What you are asked to do: Retype all of the listing exactly, passing over any picture you find.

Provided data:
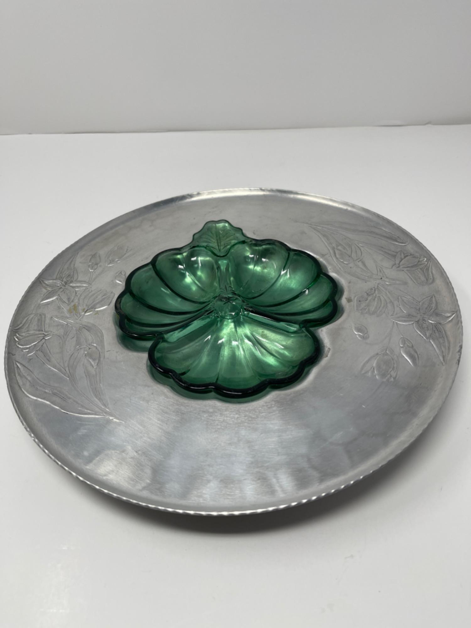 Item: A round aluminum relish dish with an embossed floral pattern and a central ultramarine glass bowl. Dual-Material Composition: Aluminum dish with a central ultramarine glass bowl. Decorative and Functional: Used for serving condiments or small appetizers. Dimensions: About 11.5 inches in diameter. History: Likely from the early to mid-20th century, combining practical metal with decorative glass elements for elegant table settings.
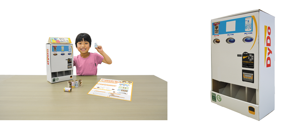 この自動販売機を活用して社会に貢献したいという想いから、2015年度より同キットを全国の子どもたちに無償で提供。「自動販売機の構造が理解できる」「買いもの学習に活用できる」と学習ツールとしても大変ご好評いただいております。
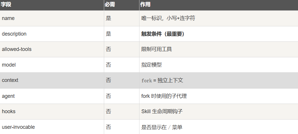 一个 Skill 本质上就是一个 Markdown 文件(文件名固定为 SKILL.md),内容几乎只由下面三段组成:

Answer to this problem:
 Item: A round aluminum relish dish with an embossed floral pattern and a central ultramarine glass bowl. Dual-Material Composition: Aluminum dish with a central ultramarine glass bowl. Decorative and Functional: Used for serving condiments or small appetizers. Dimensions: About 11.5 inches in diameter. History: Likely from the early to mid-20th century, combining practical metal with decorative glass elements for elegant table settings.
 この自動販売機を活用して社会に貢献したいという想いから、2015年度より同キットを全国の子どもたちに無償で提供。「自動販売機の構造が理解できる」「買いもの学習に活用できる」と学習ツールとしても大変ご好評いただいております。
 一个 Skill 本质上就是一个 Markdown 文件(文件名固定为 SKILL.md),内容几乎只由下面三段组成:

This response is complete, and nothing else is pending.